After you’ve had a great workout, if you give your body simple sugar – quick energy – it will start releasing insulin to properly process that sugar. Your energy level will rise sharply but then crash hard. It's key to try to maintain a moderate blood sugar level by eating smaller meals more often.  This also sends a message to the body not to store but to keep the engine running.

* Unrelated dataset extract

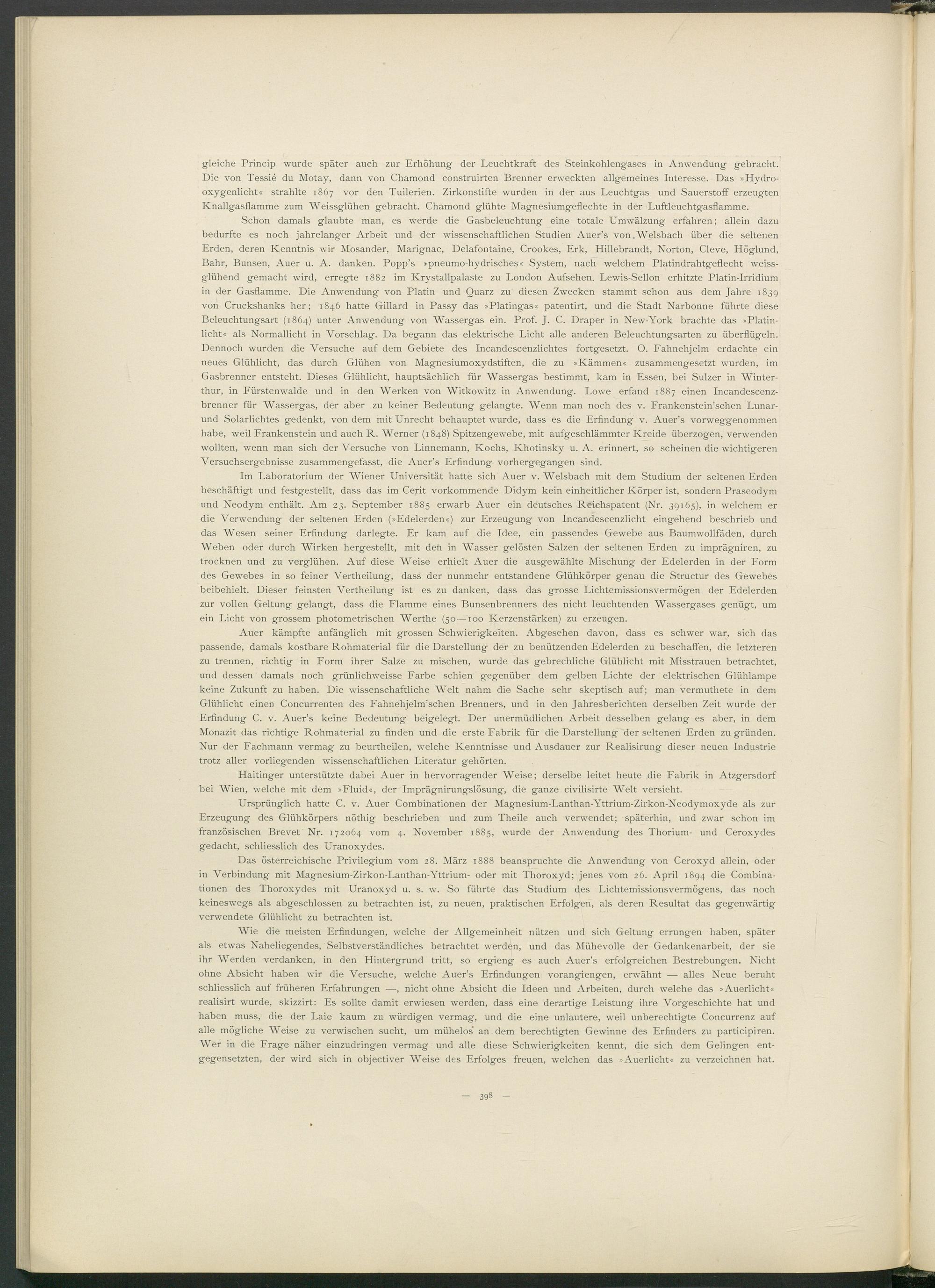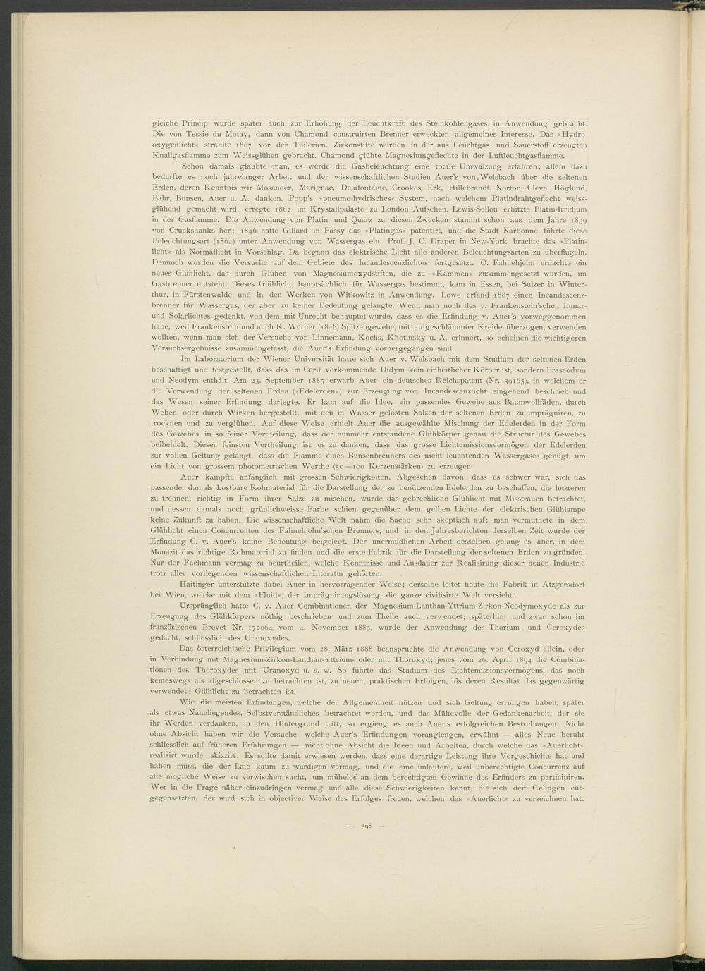 Wie die meisten Erfindungen, welche der Allgemeinheit nützen und sich Geltung errungen haben, später als etwas Naheliegendes, Selbstverständliches betrachtet werden, und das Mühevolle der Gedankenarbeit, der sie ihr Werden verdanken, in den Hintergrund tritt, so ergieng es auch Auer’s erfolgreichen Bestrebungen. Nicht ohne Absicht haben wir die Versuche, welche Auer’s Erfindungen vorangiengen, erwähnt — alles Neue beruht schliesslich auf früheren Erfahrungen —, nicht ohne Absicht die Ideen und Arbeiten, durch welche das »Auerlicht« realisirt wurde, skizzirt: Es sollte damit erwiesen werden, dass eine derartige Leistung ihre Vorgeschichte hat und haben muss, die der Laie kaum zu würdigen vermag, und die eine unlautere, weil unberechtigte Concurrenz auf alle mögliche Weise zu verwischen sucht, um mühelos" an dem berechtigten Gewinne des Erfinders zu participiren. Wer in die Frage näher einzudringen vermag und alle diese Schwierigkeiten kennt, die sich dem Gelingen entgegensetzten, der wird sich in objectiver Weise des Erfolges freuen, welchen das »Auerlicht« zu verzeichnen hat.
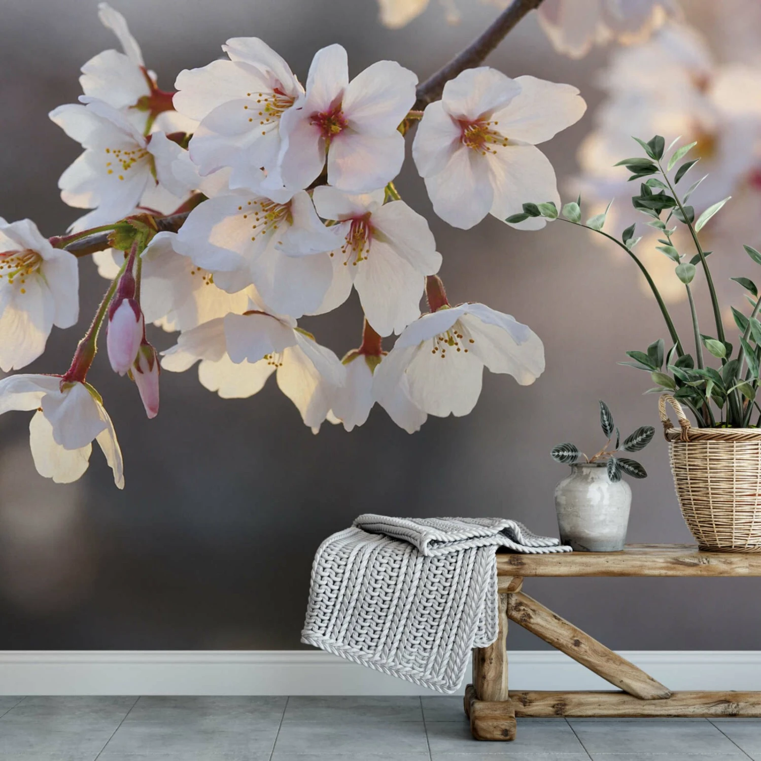 Diese stilvolle Kirschblüte Fototapete in der Farbe Weiß sorgt für ein angenehmes Wohnambiente in Ihrem Zuhause. Das Trägermaterial dieser Fototapete ist ein Vlies. Sie hat die Maße 3,84 Meter x 2,6 Meter und ist waschbeständig, gut lichtbeständig und restlos trocken abziehbar.

The other problem with eating sugar is you will still be starving. So you’ll eat more than you would if you had a bowl of yogourt, with nuts and fruit – a perfect balance of protein, carbs and fat.
     
Oh and don’t get me started on the diet sodas! What is the purpose of that garbage? Yes, it has no calories but there is some evidence that the body behaves as though it is having sugar because of the sweet taste. It just keeps you craving more sweet flavours.
 
To summarize: Eat about 20- 30 lean protein, about 20 -25 % natural fats( nuts, olive oils , avocado etc.)  and 50- 60 % carbohydrates – not in the form of white /processed sugars or flours.  In short, the less processed the better. It’s better to eat a piece of multigrain toast with butter , than a breakfast bar, loaded with sugar and processed ingredients. If the thing can sit in your desk for 2 years and you can still eat it .   Don’t! If mould doesn’t like it , you should not either. 
 
And further more , the body needs fat for many of its functions but it does not need simple sugars. These are man made and our bodies are struggling to understand how to process the vats of sugar we eat every year. This is the most common cause of Type 2 Diabetes which is lifestyle induced. 
 
Sugar is definitely worse than fat. Just for the record.